Showing artificial system loss, giving illegal connections to boilers and generators and changing category of customers are also among the 22 possible sources of graft in Titas Gas Transmission & Distribution Company Limited, the ACC has found.
The corruption watchdog gave 12 recommendations, including introducing pre-paid meter, conducting surprise drives and imposing higher fines on illegal connection-holders, as well as taking action against corrupt officials. Highest corruption takes place through illegal connections.
A report of the Implementation Monitoring and Evaluation Division of the Planning Ministry says around six percent system loss at Titas happens due to illegal connections. Some unscrupulous Titas employees in collaboration with some technically sound people gave these illegal connections, especially at night, in exchange for bribe. Often, people face difficulties in getting legal connections or legalising their unlawful connections because of a syndicate that does not benefit from legal connections.
There are no specific guidelines to provide connection, which promotes corruption. So this practice must be stopped. Using an Electronic Volume Corrector, which records gas pressure, will be helpful for Titas to stop providing gas to industrial places at the expense of domestic ones. Officials must not be posted at industrial belts for more than a year as it would allow them to create syndicates and then indulge in corruption.
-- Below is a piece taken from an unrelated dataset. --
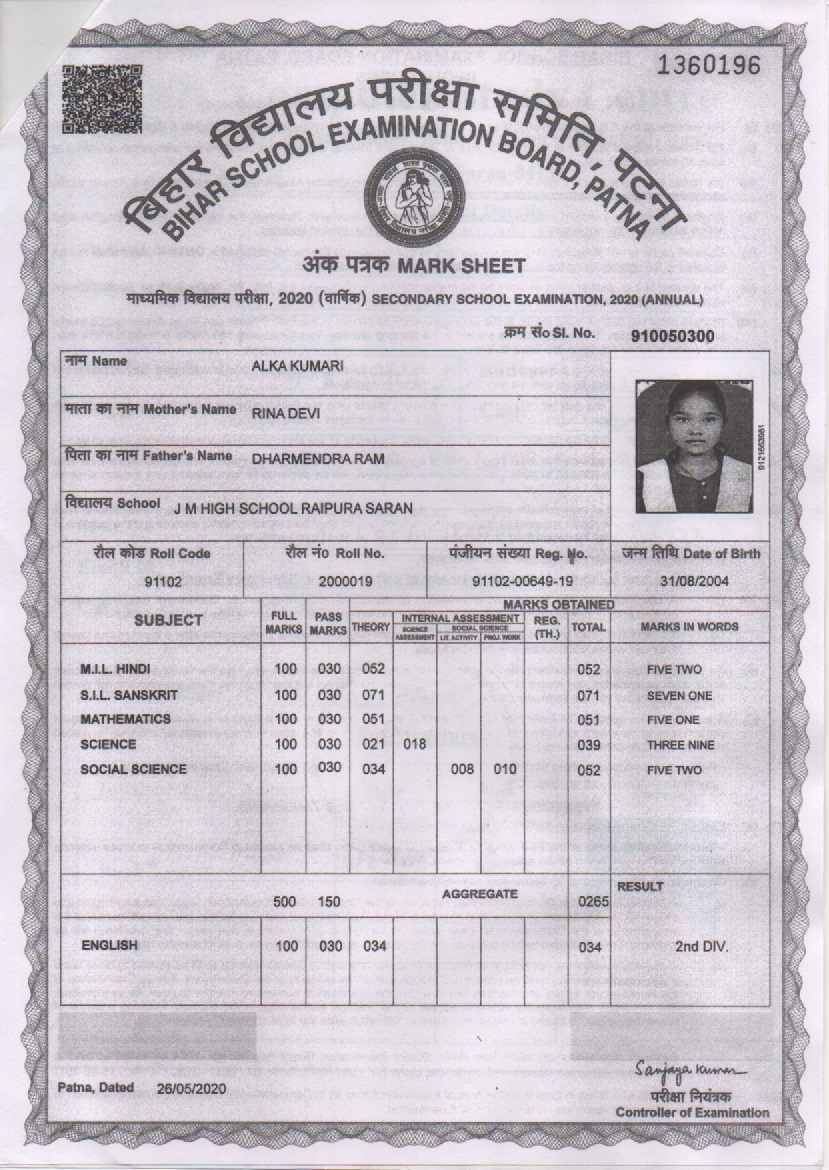 | Exam | Full Marks | Pass Marks | Marks Obtained |

Investigators have also found that the existing irregularities in procurement and bidding process create scopes for corruption. So it seems that Titas remains a sinkhole of corruption as there is no momentum from the higher authorities to stop the corrupt practices, as it goes against their vested interests.
To prevent officials from abusing their power a system of checks and balances must be instituted to stop such corruption. Vague, obsolete and opaque rules and regulations must be discarded to prevent such action from occurring repeatedly.
Recidivism in such matters must be punished harshly so that miscreant officials face the full brunt of the law. If the administration takes firm actions then it will be possible to stop such corruption forever.
We do appreciate the move of TIB for finding corruption in Titas. But what’s true that corruption in government departments like Titas is nothing new.
In fact, corruption is everywhere; each and every department of the public sector is ridden with corruption. Could TIB identify only one single department in Bangladesh where there is no corruption?
A culture of corruption has been developed in the country in the recent days. The midnight stage-fixing by the corrupt civil bureaucracy and police for reestablishing the corrupt administration has paved the way for corrupts to make their fortune.
There is apparently no rule of law in the country and for that reason; the judiciary also cannot work properly. Most of the court orders are seen not executed properly. The result is that, corruption becomes widespread.
Please for the honesty’s sake let us admit that whole the state machinery is steeped in corruption. Corruption is the justification for continuing in power. It is one thing for TIB to expose generally corruption, but it is entirely different to identify the corrupt ones and punish them.
Even the Anti-Corruption Commission is also under political pressure. They cannot go against big officials without prior clearance from the Prime Minister. Corruption is here to stay.